The EZH2 is an oncogenic factor that its stability elevates the progression and proliferation of lung cancer cells (Zheng, Chu, Lin, He, & Wang, 2020). Inhibition of EZH2 suppresses angiogenesis and migration of endometrial cancer cells (Roh et al., 2020). The upstream modulators such as lncRNA PVT1 and linc01088 are able to upregulate the EZH2 to ensure the malignancy and invasion of NSCLC cells (J.-Q. Liu, Feng, Zeng, & Zhong, 2020; Qiu, Li, Sun, & Yang, 2020). Notch1 is another oncogenic factor that stimulates EMT, metastasis, and chemoresistance in cancer cells (Peng et al., 2020; Zeng et al., 2020). On the contrary, EZH2 acts as an upstream modulator of Notch1 in cancer cells (S. Wang et al., 2020). In lung cancer cells, curcumin (1–15 μmol/L) upregulates the expression of miR-101 and miR-let7c to inhibit EZH2 (25–50% reduction in expression). Due to the presence of a reciprocal loop between EZH2 and Notch1, inhibition of EZH2 reduces Notch1 expression, resulting in suppressing of growth and metastasis of lung cancer cells (G.-Q. Wu et al., 2016).
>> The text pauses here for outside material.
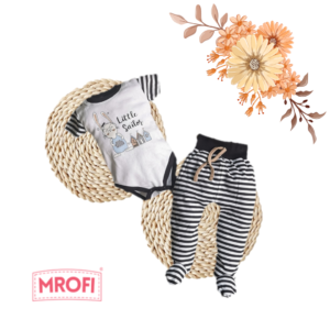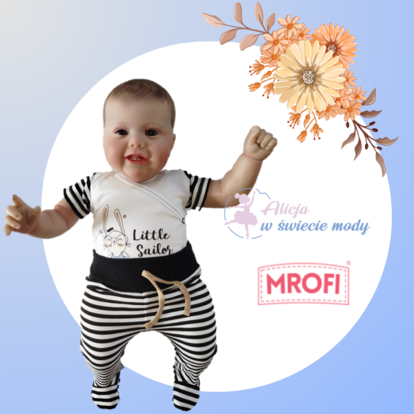 Kompleciki body i półśpiochy z napisem little sailos  z motywem zajączka marynarza.  W rozmiarze 56 i 62 cm body zapinane kopertowo, rozmiar 68  i 74 cm body zwykłe. Skład materiału:  100% bawełna . Polski producent Mrofi.
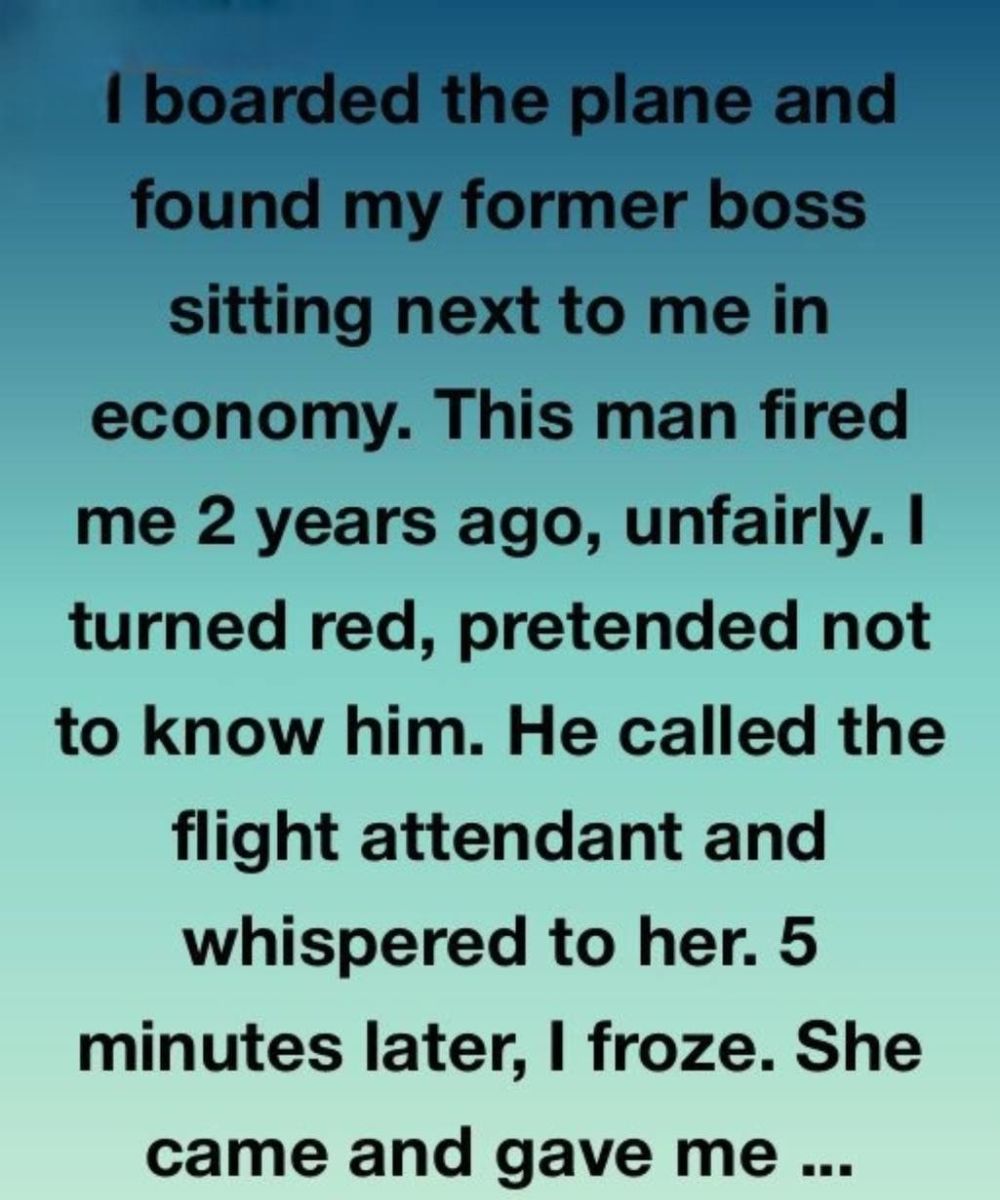 As I made my way down the narrow aisle, luggage bumping my leg, I looked up and froze. Sitting exactly where I was supposed to sit was the one person I least expected — my former boss. The same man who had fired me two years earlier, whose decision had sent my life spiraling into self-doubt.

4.2.6 Curcumin and Nrf2 signaling pathway

The increased level of oxidant molecules leads to damages in DNA and cell membrane (Cordani et al., 2020). Enhancing ROS generation is an efficient strategy in killing cancer cells by stimulation of mitochondrial- and ER stress-mediated apoptosis (J. R. Liang & Yang, 2020; X. L. Sun, Zhang, Zhai, Zhang, & Ma, 2020). However, increased levels of oxidant molecules have carcinogenesis impact on normal cells (Lesiow, Komarnicka, Kyziol, Bienko, & Pietrzyk, 2019). So, reinforcing antioxidant defense system can inhibit carcinogenesis effect of oxidant agents. The Nrf2 signaling pathway enhances the antioxidant defense system to ameliorate ROS production (Kasai, Shimizu, Tatara, Mimura, & Itoh, 2020). During normal condition, Kelch-like ECH-associated protein 1 (Keap1) and cullin-3 E3 ligase cooperate to induce proteosomal degradation of Nrf2 through ubiquitination (La Rosa, Bertini, & Piemonte, 2020). This inhibits nuclear translocation of Nrf2 and stimulation of antioxidant factors (Itoh, Ye, Matsumiya, Tanji, & Ozaki, 2015). However, increased levels of ROS trigger structural alterations in Keap1 and cullin-3 E3 ligase, so that they are no longer capable of ubiquitination of Nrf2 and its proteosomal degradation (Yamamoto, Kensler, & Motohashi, 2018). Subsequently, Nrf2 accumulates in cytoplasm and then, translocates into nucleus, where it induces downstream targets such as superoxide dismutase (SOD), heme oxygenease-1 (HO-1), and NADPH quinone dehydrogenase 1 (NQO1), resulting in improvement in antioxidant defense system and attenuation of oxidative stress (Smolkova et al., 2020). A novel derivative of curcumin known as Bis[2-hydroxybenzyldiene] acetone (BHBA) has demonstrated great potential in targeting the Nrf2 signaling pathway. In lung cells exposed to vinyl carbamate, an increase occurs in the level of oxidative stress through elevating ROS production. Administration of BHBA (1.3–80 μM for 16 hr) effectively suppresses vinyl carbamate-induced lung cancer by stimulation of the Nrf2 signaling pathway and upregulation of downstream targets such as NQO1 and GCLM (T. Shen et al., 2015). However, Nrf2 induction is a potential strategy in suppressing procarcinogenic impact of vinyl carbamate in lung cells. The elimination of lung cancer cells relies on elevating ROS levels through Nrf2 inhibition. More studies are needed to clarify the aforementioned discussions (Figure 5).